By the way, the image on the screen of the FPV is the central console of my current quad.

For learning to fly RC airplanes, I decided to start simple – with 2-channel models. Each model served me usually for just one flight, which always ended either in a solid crash or, more often, in the tree. Luckily, I did not use my FPV on these planes – instead I put the camera on the RC truck and had a lot of fun driving it around the cubicles in the office navigating just by FPV. Hope my colleagues enjoyed it as much as I did.

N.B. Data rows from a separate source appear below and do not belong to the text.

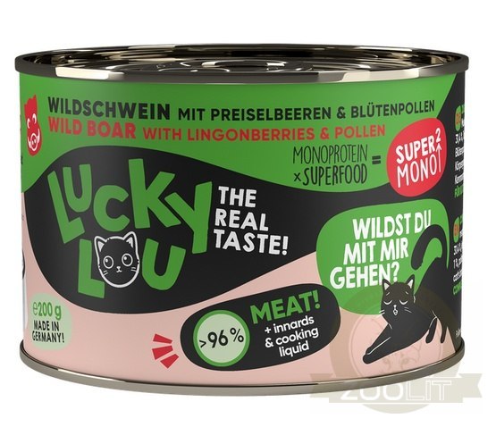 Lucky Lou Supermono jest karmą pełnoporcjową dla kotów. Nie zawiera zbóż ani cukru. Mokre, wysokiej jakości jednobiałkowe jedzenie, które przypadnie do gustu kocim smakoszom, również wrażliwym.
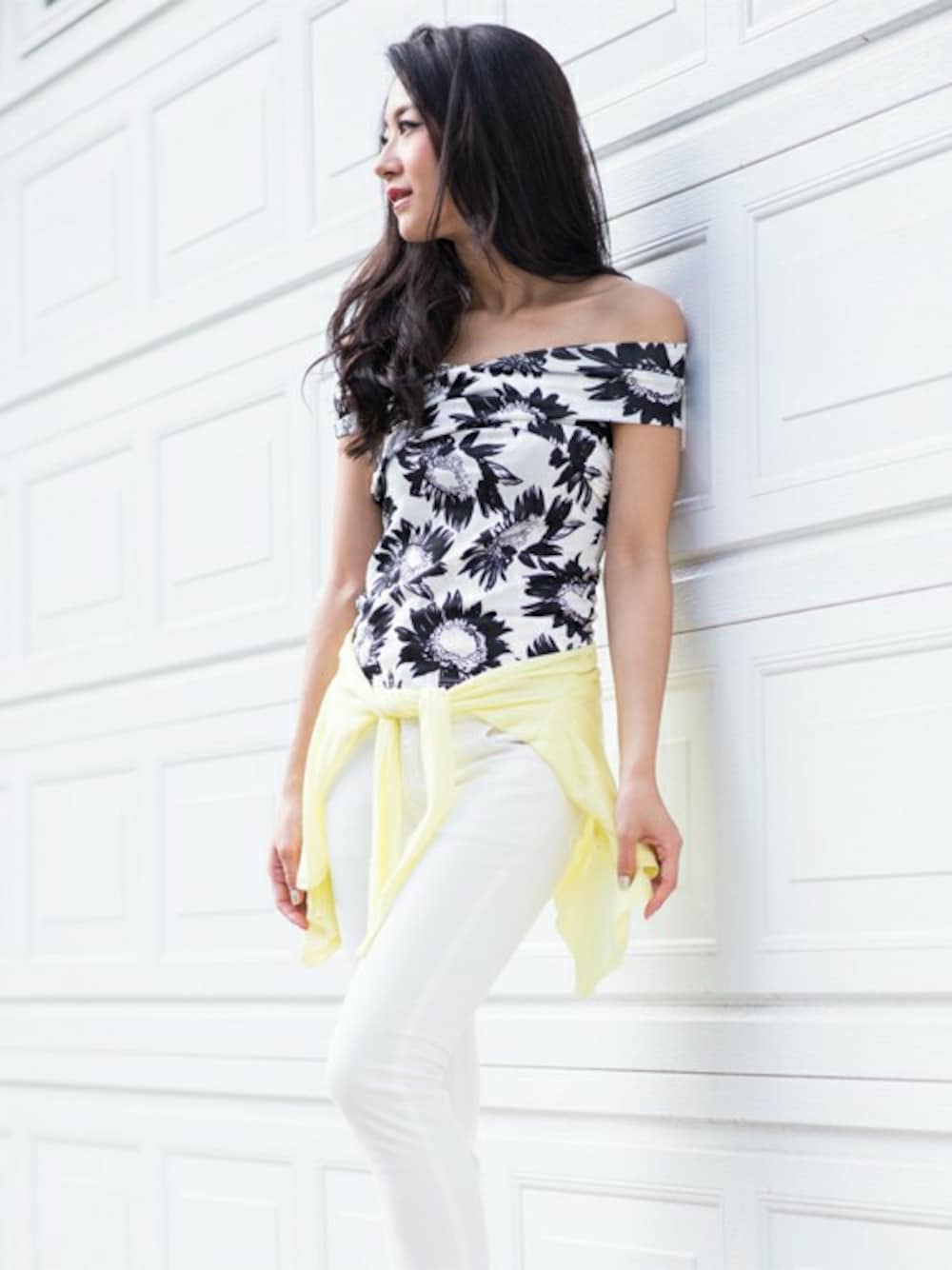 オフショル+白パン+腰巻きカーデで初夏を演出♪ちょい大人コーデも実はプチプラなんです
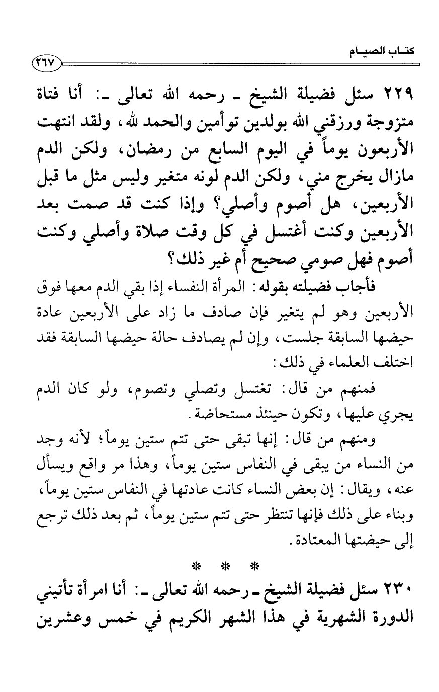سئل فضيلة الشيخ - رحمه الله تعالى -: أنا فتاة متزوجة ورزقني الله بولدين توأمين والحمد لله، ولقد انتهت الأربعون يوماً في اليوم السابع من رمضان، ولكن الدم مازال يخرج مني، ولكن الدم لونه متغير وليس مثل ما قبل الأربعين، هل أصوم وأصلي؟ وإذا كنت قد صمت بعد الأربعين وكنت أغتسل في كل وقت صلاة وأصلي وكنت أصوم فهل صومي صحيح أم غير ذلك؟
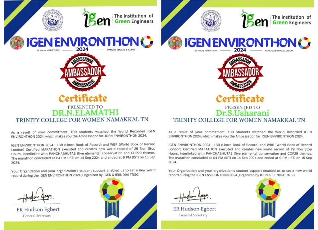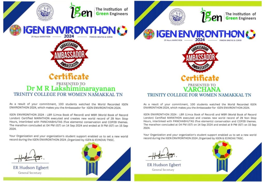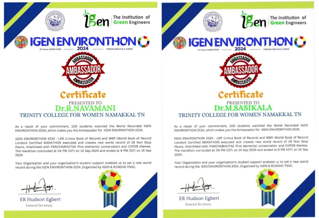 Apart from that IGEN (The Institution of Green Engineers) Environthon – 2024, Ambassador Certificates were received by the following faculty members of Trinity College for Women, Namakkal from ER HudsonEgbert, General Secretary of IGEN, Environthon.
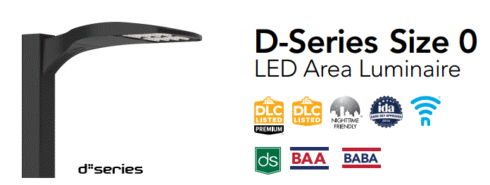 DSX0-LED-P5-30K-70CRI-T3M-MVOLT-SPA-DDBXD 90W LED 40-COUNT AREA LUMINAIRE D-SERIES SIZE 0 P5 FORWARD OPTICS TYPE III MEDIUM DISTRIBUTION 3000K CRI-70 11601LM 120V-277V W/SQUARE POLE MOUNTING #8 DRILLING 3.5" MIN 100000HRS DARK BRONZE FINISH L 27.70" W 14.06" H 7.80" 24.21LBS |

Finally, I decided to get some guidance in RC flying, so I bought a new 3-channel model and… joined the RC flying club - http://www.bergencountysilentfliers.net/, which I am a member of still. With the help of fellow members (mainly through using the trainer cord) my flying got much better, but definitely not up to the FPV level. Actually, I am still not a great RC pilot, so, in my flight control boards, safety, ease of control, and forgiving nature for pilot errors are major design parameters.

Around 2004 in one of my Internet searches for another model to crash, I came across a fantastic piece – Silverlit X-UFO! Promotional video (https://www.youtube.com/watch?v=K-5mzOHkX1Y) showed how easy it is to fly, how stable it is – a great FPV platform for a not so good pilot like me! Therefore, I immediately decided to buy it as a present for my son…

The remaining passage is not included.